Segundo dados do Inpe, o desmatamento é maior sobretudo na região de cerrado conhecida como MATOPIBA – acrônimo formado pelas primeiras sílabas de Maranhão, Tocantins, Piauí e Bahia. Considerada a última fronteira agrícola do Brasil, é a área mais cobiçada pelo agronegócio para implantar agropecuária em larga escala – gado, soja e eucalipto.
Entre 2018 e 2022 aumentaram em 26,7% os conflitos por terra. As principais vítimas de invasões realizadas por agentes do agronegócio são povos indígenas, quilombolas, ribeirinhos e pescadores. Dados da CPT (Comissão Pastoral da Terra) mostram que, em 2022, ocorreram 47 assassinatos no campo e 117.600 conflitos por água.

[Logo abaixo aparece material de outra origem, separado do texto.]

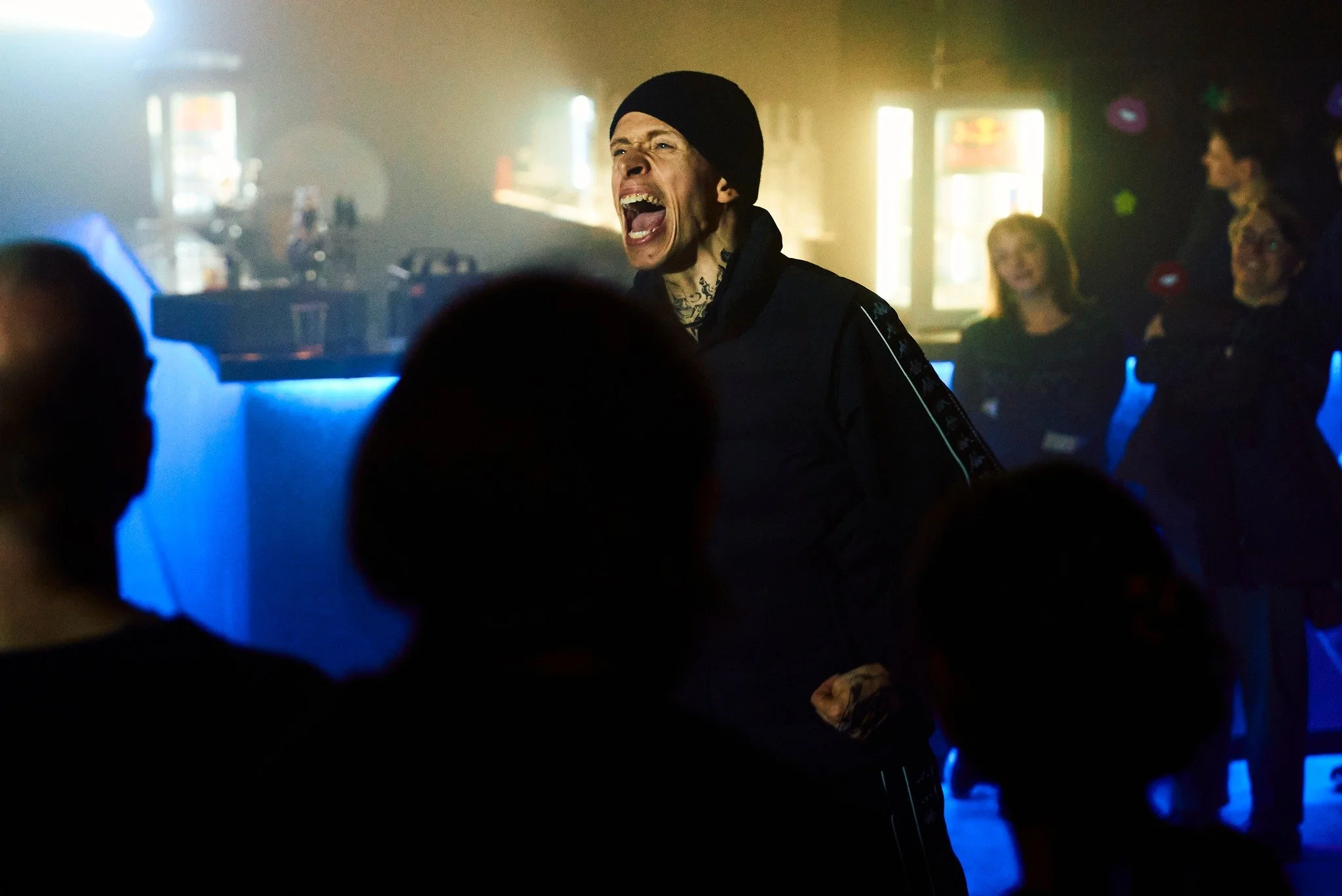 Devising er sum nevnt ein kollektivur arbeiðsháttur, sum í hesum føri er stýrdur og skipaður av royndum leiklistafólki á Tjóðpalli Føroya eins og scenografi, búnar, ljós, ljós osfr er í Tjóðpallsregi. Fleiri leikir bæði har og aðrastaðni hava seinastu árini tikið støði í teimum ungu og tað er tiltrongt. Eg vænti, at ein leikur sum Skeivur kann vekja áhuga fyri leiklist bæði millum ungar leikarar og áskoðarar og tað er í sjálvum sær framúr - vónandi fer tað eisini at dryppa á deknin eisini útbúgvingarliga. Uttan at avdúka ov nógv – tí hetta er ein leikur, sum skal sleppa at taka áskoðaran á bóli - kann eg stutt tríva í søgugongdina, har vit hitta nakrar ungar persónar; ið verða leiktir av Mariusi Dam Christophersen, Haraldi Egholm, Lív Bruun Müller, Kelvin Origen Mathayo og Óluvu Heidiardóttir Tvørfoss – fleiri av teimum ungu havi eg ikki sæð á leikpalli áður og tað er sum heild merkisvert avrik av leikum og lærdum ikki minst Marius Dam Christophersen, sum debuterar í einum stórum leikluti. Hann spælir Mark, hvørs uppvøkstur hevur verið merktur av harðskapi og vantandi umsorgan. Hann hevur ilt við at stýra sær og sínum kenslum og hevur tí tikið eina stóra avgerð um at stinga í sekkin, fara til Danmarkar fyri at melda seg í herin. Byrjanin uppá lívsbroytingina skal henda longu hetta kvøldið í býnum, tá Mark ætlar at halda seg edrúan, men hetta vísir seg at vera ein stór avbjóðing. Hesin leikluturin er avbjóðandi og sum heild trúgva vit uppá ólukkuliga unga menniskjað, sum ikki megnar at liva harmoniskt og ærligt, kanska tí hann, sum vinmaðurin seinni nevnir í eini bøn, hevur manglað kærleika. Onkra løtu ivist eg eitt sindur kanska av tí, at leikarin frammanundan hevur eitt slag av pall-persona sum Marius DC; ein dugnaligur og framligur rappsangari/framleiðari, hvørs tekstir eru lutfalsliga outspoken, men mann tekur hjartaliga synd í honum ikki minst tá teir somu vinirnir, sum vildu hava hann at drekka, seinni finnast at honum fyri óhóskandi atburð. Í leikinum verða eisini søgurnar hjá vinfólkunum sagdar, so at mann uppá skift flennur og tekur synd í teimum - eisini í vaksna, fulla manninum, sum er vilstur inn í Luux (nú konan var farin til ost- og vínhugna saman við bindiklubbavinkonunum) – hann verður mikið andstyggiliga portretteraður av Hjálmari Dam, sum kortini móti endanum megnar at venda óhugna og speisemi til okkurt slag av menniskjaleika í einari alt ov lítlari XXXL t-shirt.

A maioria das empresas produtoras de commodities não demonstra nenhum interesse na preservação ambiental, desrespeita a legislação trabalhista, e algumas são frequentemente flagradas com trabalhadores submetidos a condições análoga à escravidão.
O retrocesso no campo se agravou desde o governo Temer, sobretudo devido a projetos de lei e emendas constitucionais como as que resultaram na reforma da Previdência (103/2019).
Segundo dados do Cedoc (Centro de Documentação Dom Tomás Balduíno), entre 2013 e 2022 houve aumento dos territórios em conflito por terra. Em 2013 foram registrados 810 territórios em conflito; em 2022, 1.050 territórios. Aumento de quase 30%.
No governo Bolsonaro, invasões promovidas por agentes do capital (latifundiários, mineradoras, grileiros etc.) em territórios ocupados por pequenos agricultores e posseiros cresceu 146,55%. Entre 2019 e 2022, o número de famílias de pequenos agricultores que tiveram suas terras invadidas foi de 326.684. Isso se deveu a quatro fatores: 1) iniciativa governamental no programa Titula Brasil; 2) mineração em terras indígenas; 3) extração de madeira em terras indígenas; e 4) decretos e projetos de lei encaminhados ao Congresso.
Tudo isso somado e facilitado pela redução dos recursos a Funai; recusa de fiscalização; e milícias armadas em apoio a garimpeiros, madeireiros e desmatadores.
E ainda querem criminalizar os sem-terra que exercem o sagrado direito de ocupar terras improdutivas num país de dimensões continentais. Haja matas e haja mortes! A fome e a insegurança alimentar jamais serão erradicadas no Brasil enquanto não houver reforma agrária.